Alcanzó tal grado de virtuosismo que su amante, una señora de alcurnia veneciana, famosa por sus escotes pronunciados, estimó que ante las sublimes melodías de El trino del Diablo, el Cura Rojo debía desafiar a su contemporáneo Tartini a un duelo de violín. Comprometido el duelo por ambos, fijaron fecha y hora, sin embargo, asegura la leyenda que el desafío jamás llegó a mayores.

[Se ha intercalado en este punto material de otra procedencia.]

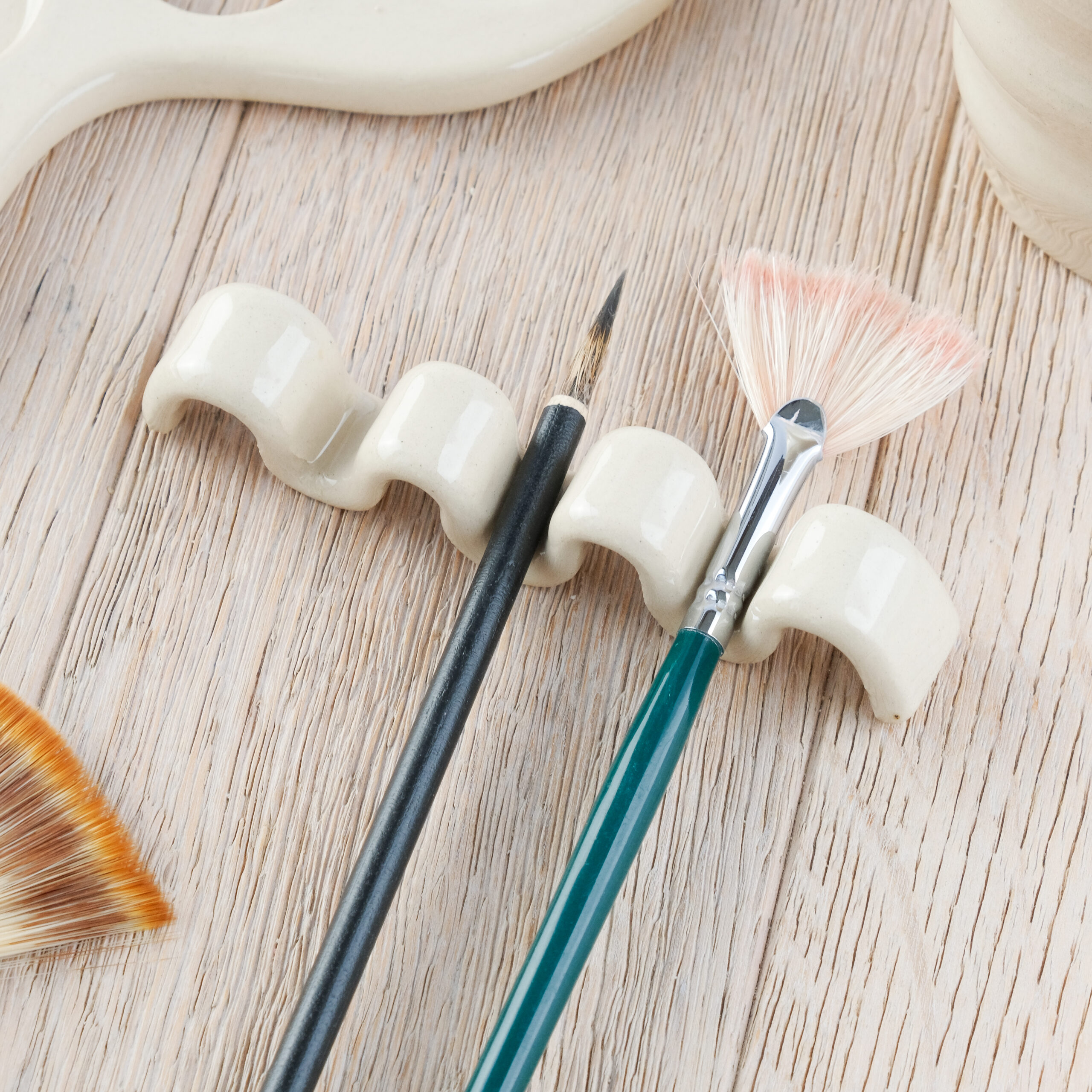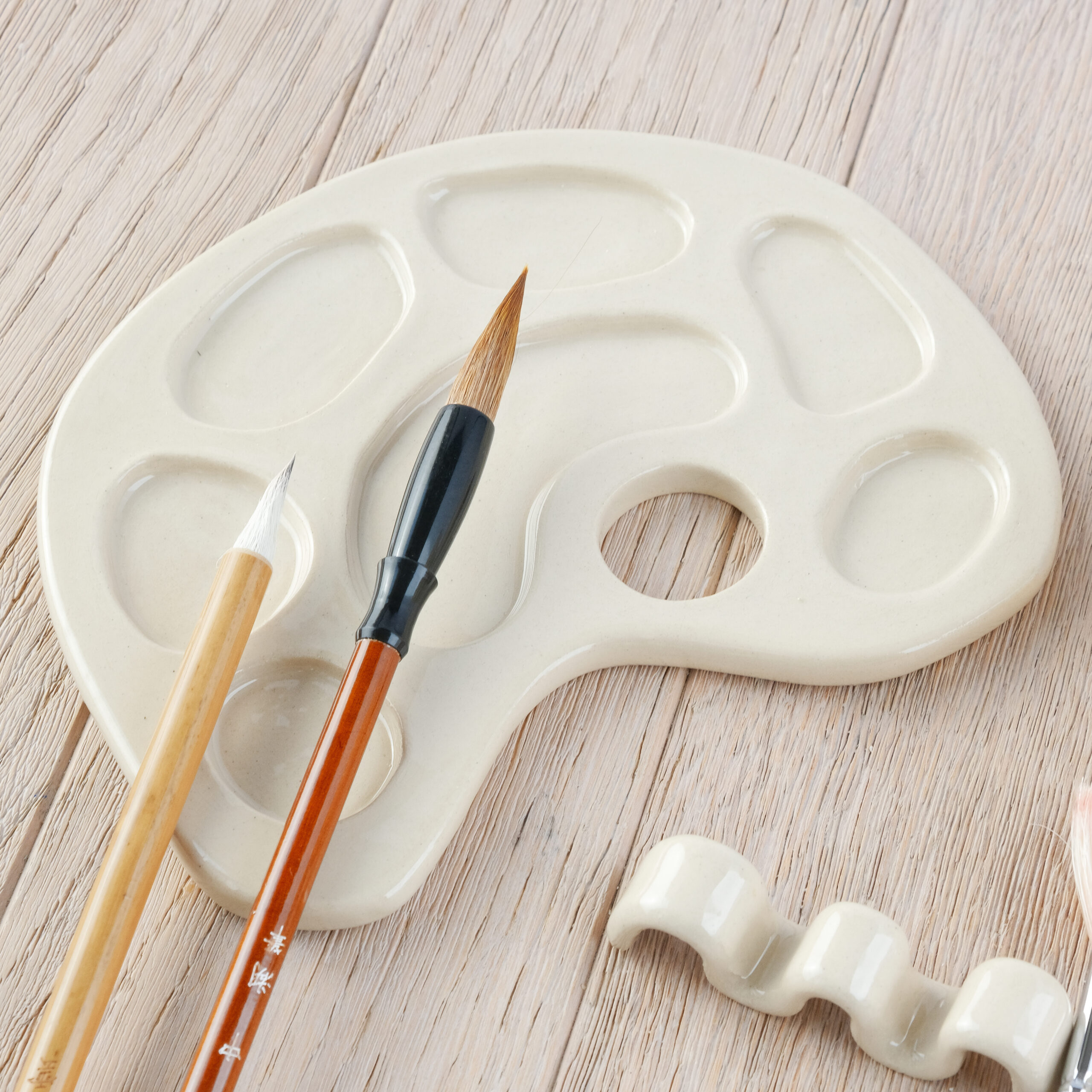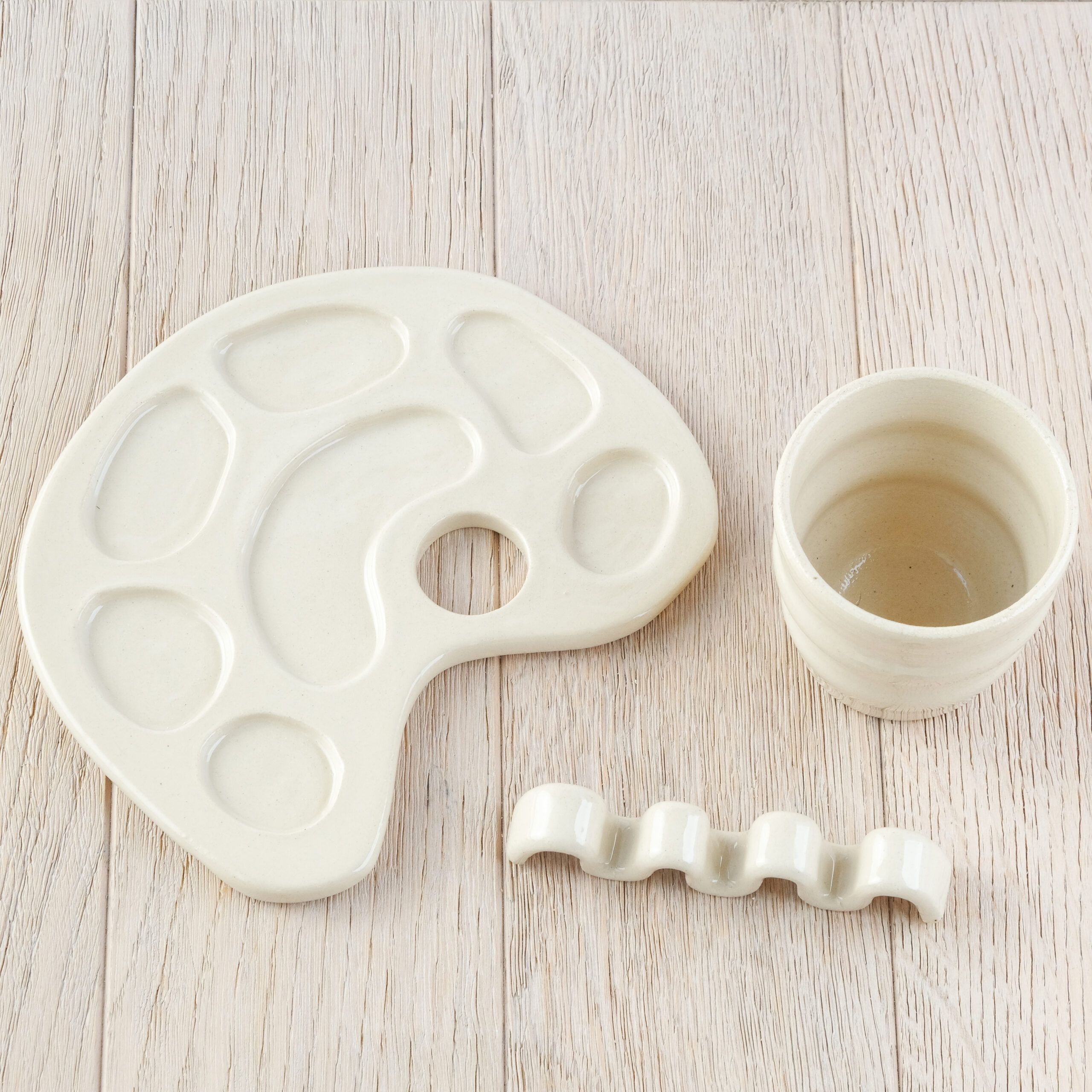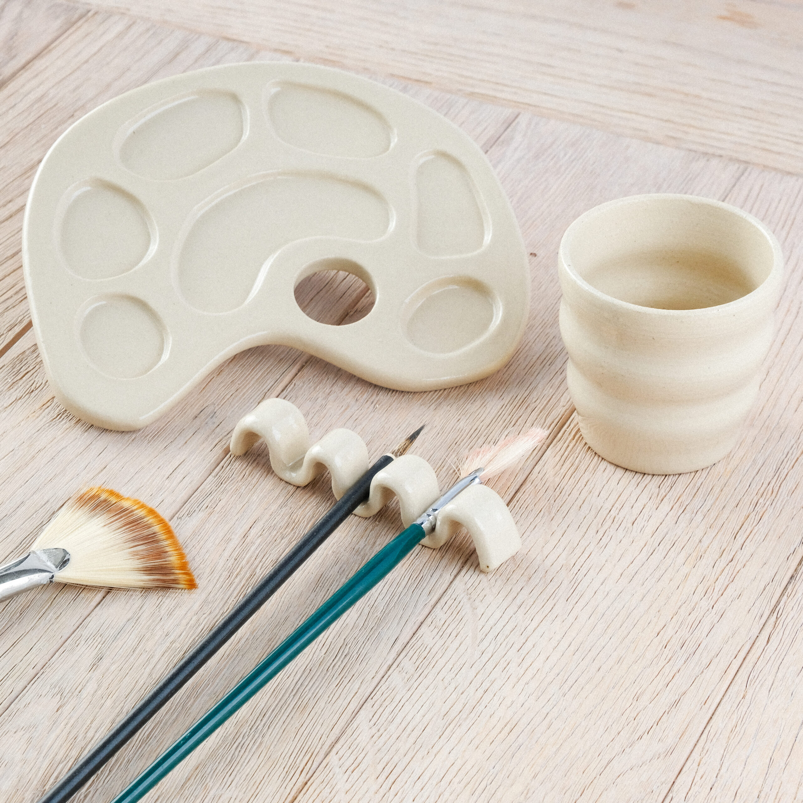 Zestaw do malowania, składający się z palety do mieszania farb, kubka na wodę oraz stojaczka na pędzle.

Más tarde, Vivaldi fue contratado por el director del “Ospedale della Pietá” (inclusa de niñas) para hacer cada vez más perfectos la orquesta y coro del hospicio y darle a la música una mayor pureza de sonido. Pasó el tiempo. Fábula o no, se dice que una noche, inquieto por algo que subrepticiamente había llegado a su mente y ocupado su corazón -un cri de coeur-, el Cura Rojo escribió aquello que le quitaba el sueño. Al día siguiente, la mujer de la limpieza encontró el papel en la mesa de noche del maestro:

“En este momento vuelan las notas y compases y pienso en Anna, mi alumna y fiel intérprete; ya no en Giró, mi cantante soprano. Cuando veo a Anna me transporto a un silencio muy callado. De ella no sale mi música, sale la de ella. Sus latidos de corazón joven en noche de otoño llegan a mi breve habitación y los disfrazo de golpes de hacha en los árboles de complicidad. Leo unos tras otros los salmos que más me acercan a Dios, pero todo termina en melodía de lo que está en Anna: otoño, invierno, primavera, verano. Muere la tonsura en mi campo de batalla donde deseos sin vida no deben luchar mucho para vivir”.